ECB will act with ‘cool head’ on market volatility, Kazaks says

“If action is going to be necessary, we will be on top of it,” Kazaks, the Latvian central bank governor, said in an interview in Riga.
ECB will act with ‘cool head’ on market volatility, Kazaks says

The ECB will have to make sure that countering so-called fragmentation in markets doesn’t undermine its main goal of battling inflation, currently four times its 2% goal. Picture: Alex Kraus/Bloomberg

The European Central Bank is ready to combat unwarranted financial-market moves but must also be prepared to look through turbulence as it exits negative interest rates, Governing Council member Martins Kazaks said.

“If action is going to be necessary, we will be on top of it,” Kazaks, the Latvian central bank governor, said in an interview in Riga. “It is natural to see some increased uncertainty and volatility. We need to live through this situation with a cool head and steady hand showing to the market, what’s our direction.” 

Kazaks spoke after an emergency meeting last week where ECB officials accelerated work on a tool to defend the integrity of the euro region. Policy makers were forced to act following a blowout of Italian bond yields in the wake of a decision revealing plans for tightening in coming months.

“This is in a way natural to see increased volatility after years of monetary policy not raising the rates,” Kazaks said. Still, “the market should not be carried away with the speed of re-pricing and jumping to much higher interest-rate levels.” 
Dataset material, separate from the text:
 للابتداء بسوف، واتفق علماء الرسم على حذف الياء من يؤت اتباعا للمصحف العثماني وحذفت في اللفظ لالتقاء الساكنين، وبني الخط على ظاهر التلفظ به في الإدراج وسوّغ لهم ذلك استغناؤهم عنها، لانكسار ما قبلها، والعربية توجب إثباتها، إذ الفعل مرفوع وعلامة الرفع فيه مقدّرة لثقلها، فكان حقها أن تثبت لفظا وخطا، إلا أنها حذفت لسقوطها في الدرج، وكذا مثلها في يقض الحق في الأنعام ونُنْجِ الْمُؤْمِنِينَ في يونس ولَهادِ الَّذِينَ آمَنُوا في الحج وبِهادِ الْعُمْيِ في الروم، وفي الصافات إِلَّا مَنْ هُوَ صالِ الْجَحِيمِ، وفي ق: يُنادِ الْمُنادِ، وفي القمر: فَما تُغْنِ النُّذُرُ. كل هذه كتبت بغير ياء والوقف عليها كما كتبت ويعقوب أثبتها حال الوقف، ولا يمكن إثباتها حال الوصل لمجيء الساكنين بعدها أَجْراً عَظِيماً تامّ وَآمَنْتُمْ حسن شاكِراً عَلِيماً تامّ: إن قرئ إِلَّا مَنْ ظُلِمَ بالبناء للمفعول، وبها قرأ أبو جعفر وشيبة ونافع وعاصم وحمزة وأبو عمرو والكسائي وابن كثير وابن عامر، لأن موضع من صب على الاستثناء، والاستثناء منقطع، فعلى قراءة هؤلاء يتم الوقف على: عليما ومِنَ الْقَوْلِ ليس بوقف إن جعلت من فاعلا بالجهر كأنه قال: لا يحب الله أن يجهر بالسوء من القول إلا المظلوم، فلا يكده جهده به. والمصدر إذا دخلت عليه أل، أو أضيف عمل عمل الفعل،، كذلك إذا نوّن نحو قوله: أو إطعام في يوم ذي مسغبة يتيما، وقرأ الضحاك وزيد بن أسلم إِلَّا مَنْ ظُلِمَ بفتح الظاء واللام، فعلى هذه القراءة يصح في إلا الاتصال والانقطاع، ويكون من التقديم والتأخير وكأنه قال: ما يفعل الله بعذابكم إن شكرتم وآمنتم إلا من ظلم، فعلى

Until the tool is presented, officials will deploy reinvestments under a 1.7 trillion-euro ($1.8 trillion) purchase program to smooth out tensions reminiscent of the debt crisis that bedeviled the currency bloc several years ago.
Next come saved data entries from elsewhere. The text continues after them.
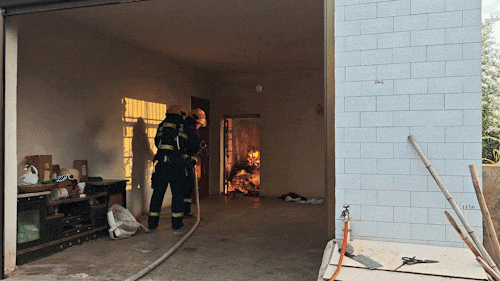 接警后,消防救援人員趕到現(xiàn)場(chǎng),發(fā)現(xiàn)民房的一間偏房火勢(shì)正處于發(fā)展階段,屋頂已經(jīng)被燒穿。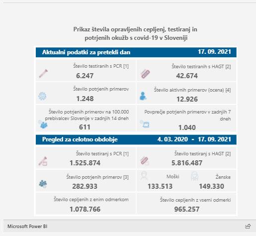 Pred tednom dni so v Sloveniji ob opravljenih 5.488 PCR testih potrdili 1.085 okužb z novim koronavirusom. Delež pozitivnih je znašal 19,8 odstotka. V bolnišnicah so zdravili 274 bolnikov s potrjeno okužbo, 62 jih je potrebovalo intenzivno zdravljenje.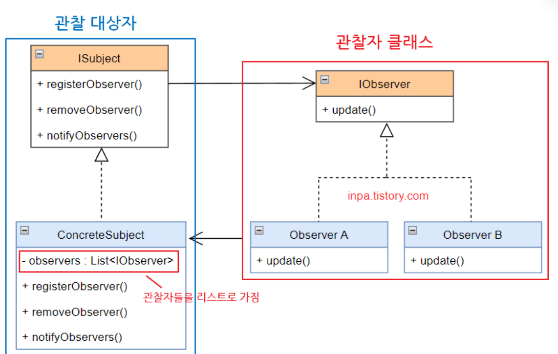 Subject의 역할은 관찰자인 Observer들을 내부 리스트에 등록/삭제하는 인프라를 가지고 있다. 그리고 상태를 변경하거나 어떤 동작을 실행할때, Observer들에게 알림을 발행한다.

Italian bonds held gains alongside German counterparts on Monday, leaving the 10-year spread little changed at 194 basis points.

People familiar with the matter have said the new measure should be ready for the ECB’s next Governing Council meeting on July 20-21. Kazaks sought to play down any particular deadline, saying officials can act sooner if they have to.

“I don’t think that a specific date is that important here,” Kazaks said. “It’s about market volatility, will it require for us to move in earlier, we will do earlier. If it’s not that urgent then we will not rush.” 

Picking the right time to step in will be tricky however. While fundamental differences between European economies justify different levels of borrowing costs, “a set of variables” could help determine the right time to act, Kazaks said.

“For instance, it’s stress levels in the markets, it’s the speed of adjustment,” he said. “I would say that currently the problem is the speed.”

The ECB will have to make sure that countering so-called fragmentation in markets doesn’t undermine its main goal of battling inflation, currently four times its 2% goal. Problems with transmission of monetary policy in any one euro-area country “shouldn’t undermine” decisions on the overall stance, Kazaks said.

“Separate instruments can be necessary to address both of those issues,” he said.

Earlier this month, the ECB said it will join peers around the world in raising rates in July and exit subzero monetary policy by the end of September. While the first move will be a quarter-point hike, the following one could be double that magnitude, it said.

Kazaks insists such decisions aren’t set in stone.

“When we meet and we take the decision, we take a look at the current situation in the economy, especially so in September when we will have the new macro outlook,” he said.